Inference with Compressed Data. We train a fully connected neural net on our coded snapshots for evaluation of classification performance in the compressed domain itself. As in the features preservation section above, each pixel of the coded snapshot datacube is taken as a sample with the spectral axis constituting the features. The comparison is again presented using the three classifiers namely, Decision tree (D-Tree), K nearest neighbours (K-NN) and a multilayer perceptron (MLP). The classification accuracy comparison is shown in Table 3. This task of performing inference in compressed domain is not possible in other transform coding techniques.

Table 3. Effect on classification accuracy (in percentages) of supervised classifiers over raw data and coded snapshots of Pavia University datacube.

It can be observed that with a loss in accuracy of around 1–5% we can perform inference tasks like classification on our data faster. Since we are dealing directly with the coded snapshots, we save processing power as the number of features a classifier needs to take is T fold less. In the above experiment T was taken to be 16.

5 Discussions and Conclusions

UAVs and drones are a major source of hyperspectral data collection for various remote sensing and monitoring applications. Being comparatively more feasible than launching satellites they offer a higher resolution imagery along with a faster acquisition-retrieval-processing cycles. But with a limited power available onboard the acquired data has to be brought down to a receiving station for processing. Although the transform coding based data compression saves the transmission bandwidth and time, the onboard power requirements for it are quite high.
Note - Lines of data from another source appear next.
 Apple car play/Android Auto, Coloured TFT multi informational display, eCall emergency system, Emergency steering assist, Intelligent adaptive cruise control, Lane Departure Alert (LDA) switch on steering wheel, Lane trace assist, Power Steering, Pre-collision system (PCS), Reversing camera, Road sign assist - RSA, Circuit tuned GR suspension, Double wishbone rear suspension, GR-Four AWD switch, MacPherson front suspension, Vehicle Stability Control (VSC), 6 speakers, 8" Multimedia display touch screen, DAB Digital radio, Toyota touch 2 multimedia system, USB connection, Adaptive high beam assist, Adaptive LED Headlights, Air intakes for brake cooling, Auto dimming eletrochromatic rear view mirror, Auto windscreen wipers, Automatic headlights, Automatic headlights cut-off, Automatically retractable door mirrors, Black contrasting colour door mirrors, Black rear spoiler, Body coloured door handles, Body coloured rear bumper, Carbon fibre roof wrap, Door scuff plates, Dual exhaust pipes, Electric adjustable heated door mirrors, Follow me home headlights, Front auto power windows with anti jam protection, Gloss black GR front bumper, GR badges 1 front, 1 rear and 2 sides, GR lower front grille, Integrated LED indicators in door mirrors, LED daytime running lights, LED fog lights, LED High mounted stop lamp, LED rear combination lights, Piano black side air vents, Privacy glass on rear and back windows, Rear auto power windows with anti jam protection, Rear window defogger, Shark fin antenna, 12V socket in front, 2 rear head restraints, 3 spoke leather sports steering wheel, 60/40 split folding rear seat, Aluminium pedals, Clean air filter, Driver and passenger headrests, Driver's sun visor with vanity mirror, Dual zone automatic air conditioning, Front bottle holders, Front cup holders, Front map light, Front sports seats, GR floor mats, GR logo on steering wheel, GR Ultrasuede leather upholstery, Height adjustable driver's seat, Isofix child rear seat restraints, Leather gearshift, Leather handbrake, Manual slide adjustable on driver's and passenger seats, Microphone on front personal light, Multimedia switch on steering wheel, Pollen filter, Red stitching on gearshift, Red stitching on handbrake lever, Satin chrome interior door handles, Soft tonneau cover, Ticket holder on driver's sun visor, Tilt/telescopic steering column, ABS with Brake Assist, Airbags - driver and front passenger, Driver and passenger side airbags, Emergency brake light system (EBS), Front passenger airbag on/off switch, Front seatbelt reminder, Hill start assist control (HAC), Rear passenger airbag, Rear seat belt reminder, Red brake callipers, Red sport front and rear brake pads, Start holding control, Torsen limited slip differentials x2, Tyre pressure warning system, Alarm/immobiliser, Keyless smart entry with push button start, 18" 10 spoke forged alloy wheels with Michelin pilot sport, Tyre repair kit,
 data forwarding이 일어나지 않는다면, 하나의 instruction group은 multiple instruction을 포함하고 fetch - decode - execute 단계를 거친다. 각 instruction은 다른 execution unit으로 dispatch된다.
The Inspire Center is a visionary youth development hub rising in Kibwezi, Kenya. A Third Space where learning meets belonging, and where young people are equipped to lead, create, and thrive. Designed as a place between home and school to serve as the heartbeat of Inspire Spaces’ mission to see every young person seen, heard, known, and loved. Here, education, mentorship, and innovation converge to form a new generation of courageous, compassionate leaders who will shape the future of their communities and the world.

The proposed method of coded snapshots involves no transform coding as part of the first step and can benefit from transform coding on top of it, if computational onboard power availability allows it. This leads to a lower power requirements and hence longer operation times for the UAV deployed. Along with this, the similarity between the coded snapshots and the original datacube bands lets us do inference in compressed domain itself which leads to faster decisions and pre-processing before the data is sent to ground stations. Onboard inference tasks can speed up disaster recovery efforts along with other planning and public warning systems.

We presented a computationally very fast and simple encoder for low bit per pixel compression of hyperspectral datacubes. These desirable features of the encoder bring in some computationally undesirable effects due to the need of sparse recovery algorithms for which we presented a computationally faster and parallelizable decoder architecture based on deep neural networks. The proposed technique also offers the capability for progressive transmission of compressed data and saves compression time and a good amount of onboard storage due to in-place computation. The proposed technique offers a low computational complexity at the encoder end which is highly desirable at a drones, UAVs or spacecraft, with limited computational and power capabilities. The deep learning based decoder, however being comparatively complex, can be offloaded to a GPU making it much faster than iterative sparse recovery algorithms. This coding technique also lets us perform inference on the compressed data directly leading to a faster and computationally light on board-decision making, when required.